Activity ▸
Skipping all images, output the listing word for word.

Records supplied ▸
%%
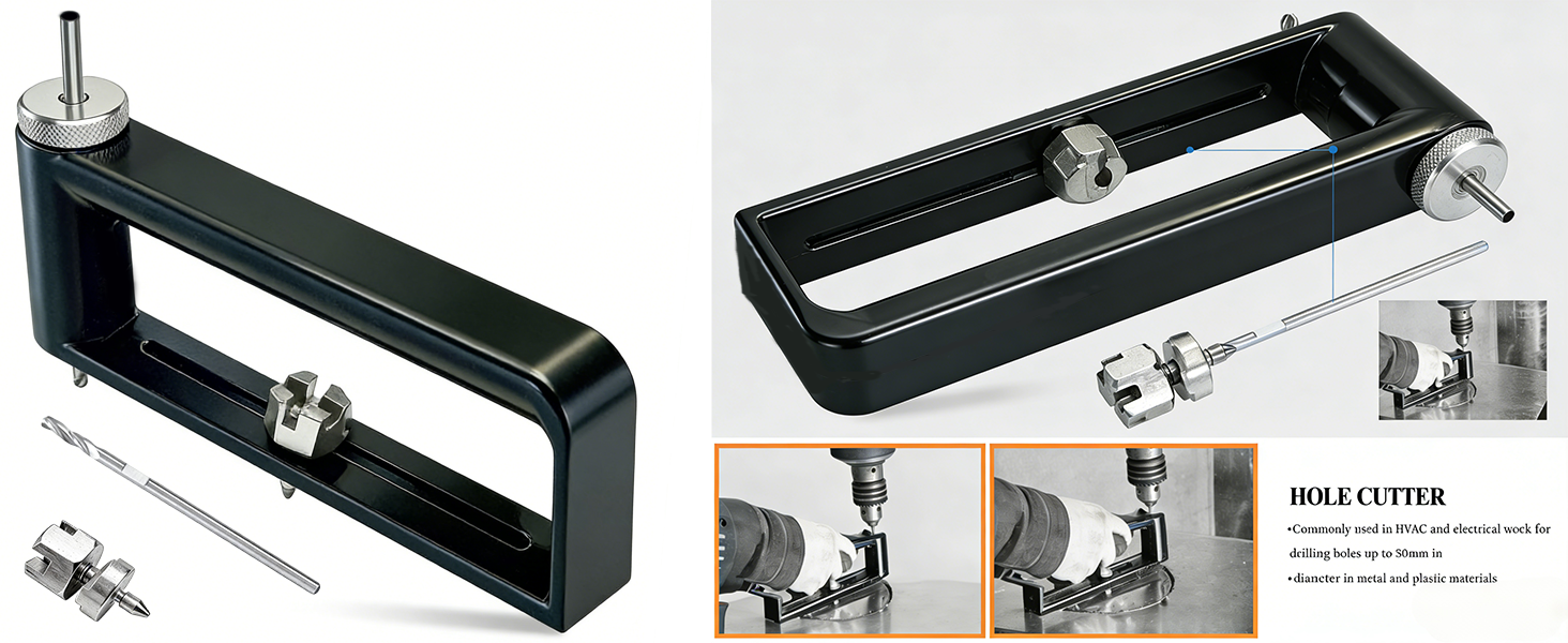 【حتى المبتدئين يمكنهم بسهولة البدء في قطع الدوائر المعدنية】الهيكل القابل للتعديل لا يتطلب معايرة معقدة؛ قاطع الثقوب يحتاج فقط إلى تعديلات بسيطة لقفل قطر الثقب المستهدف. أداة قطع أنابيب التكييف، عملية القطع مستقرة وسلسة، دائرة قطع أداة المنشار تقلل بشكل فعال من أخطاء صنع الثقب، أدوات ثقب الصفائح المعدنية
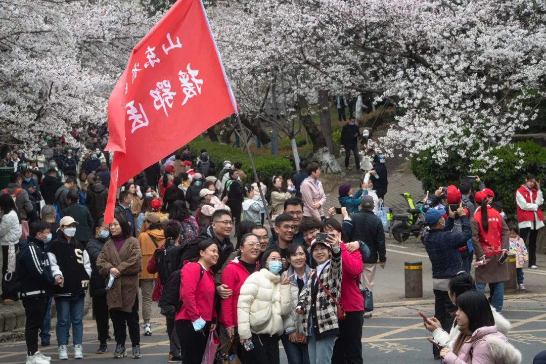 資料圖:山東省日照市援鄂醫(yī)療隊員在武漢大學校園櫻花樹下合影。新華社記者 肖藝九 攝
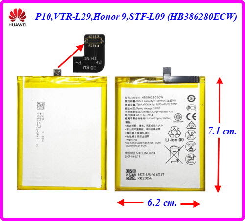 - แบตเตอรี่ Huawei P10,VTR-L29,Honor 9,STF-L09 (HB386280ECW) 6.2x7.6 cm. 3200 mAh.
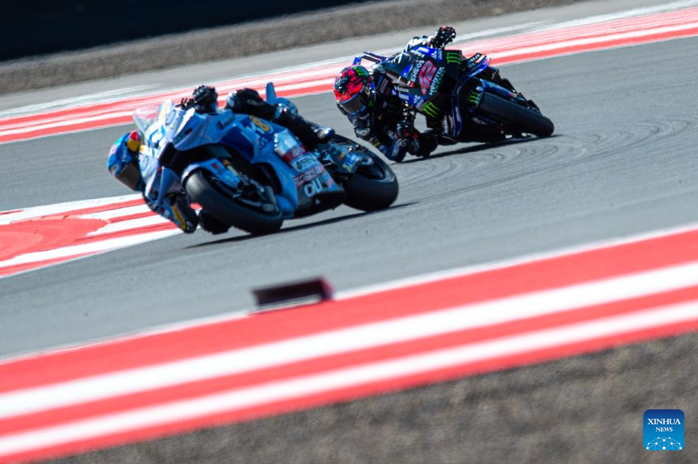 Riders compete during the practice of MotoGP at Pertamina Grand Prix of Indonesia 2025 in Lombok Island, Indonesia on Oct. 3, 2025. (Xinhua/Veri Sanovri)
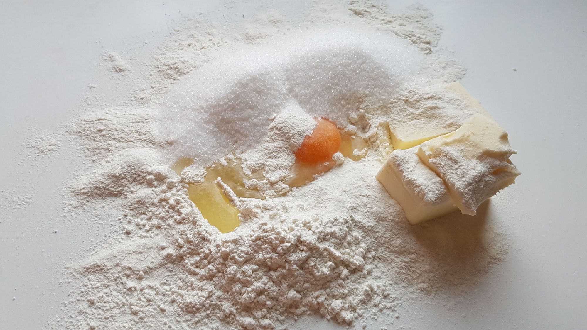 Per la pasta: Sulla spianatoia mettete il burro ed il sale. Amalgamate 150 gr. di zucchero, un uovo intero ed un tuorlo, 300 gr. di farina e la scorza di limone.
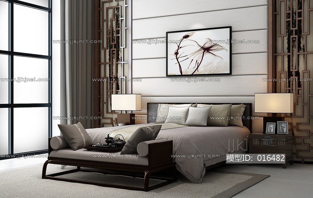 H19-0101新中式床床头柜卧室组合 3d模型下载 [模型ID:16482]
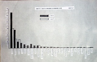 今回はその中の2004年と2014年の10年間の合計個体数を棒グラフに表して見ました。この間には畑だったところに住宅が建ったり幼稚園が出来たり林の木が切られ道路が出来たりコースの周囲が大分変わりました。
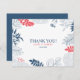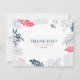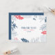 Des fleurs tropicales et des feuilles encadrent un arrière - plan blanc bleu foncé et rouge-corail. Merci texte personnalisable.
%%
Output ▸
 【حتى المبتدئين يمكنهم بسهولة البدء في قطع الدوائر المعدنية】الهيكل القابل للتعديل لا يتطلب معايرة معقدة؛ قاطع الثقوب يحتاج فقط إلى تعديلات بسيطة لقفل قطر الثقب المستهدف. أداة قطع أنابيب التكييف، عملية القطع مستقرة وسلسة، دائرة قطع أداة المنشار تقلل بشكل فعال من أخطاء صنع الثقب، أدوات ثقب الصفائح المعدنية
 資料圖:山東省日照市援鄂醫(yī)療隊員在武漢大學校園櫻花樹下合影。新華社記者 肖藝九 攝
 - แบตเตอรี่ Huawei P10,VTR-L29,Honor 9,STF-L09 (HB386280ECW) 6.2x7.6 cm. 3200 mAh.
 Riders compete during the practice of MotoGP at Pertamina Grand Prix of Indonesia 2025 in Lombok Island, Indonesia on Oct. 3, 2025. (Xinhua/Veri Sanovri)
 Per la pasta: Sulla spianatoia mettete il burro ed il sale. Amalgamate 150 gr. di zucchero, un uovo intero ed un tuorlo, 300 gr. di farina e la scorza di limone.
 H19-0101新中式床床头柜卧室组合 3d模型下载 [模型ID:16482]
 今回はその中の2004年と2014年の10年間の合計個体数を棒グラフに表して見ました。この間には畑だったところに住宅が建ったり幼稚園が出来たり林の木が切られ道路が出来たりコースの周囲が大分変わりました。
 Des fleurs tropicales et des feuilles encadrent un arrière - plan blanc bleu foncé et rouge-corail. Merci texte personnalisable.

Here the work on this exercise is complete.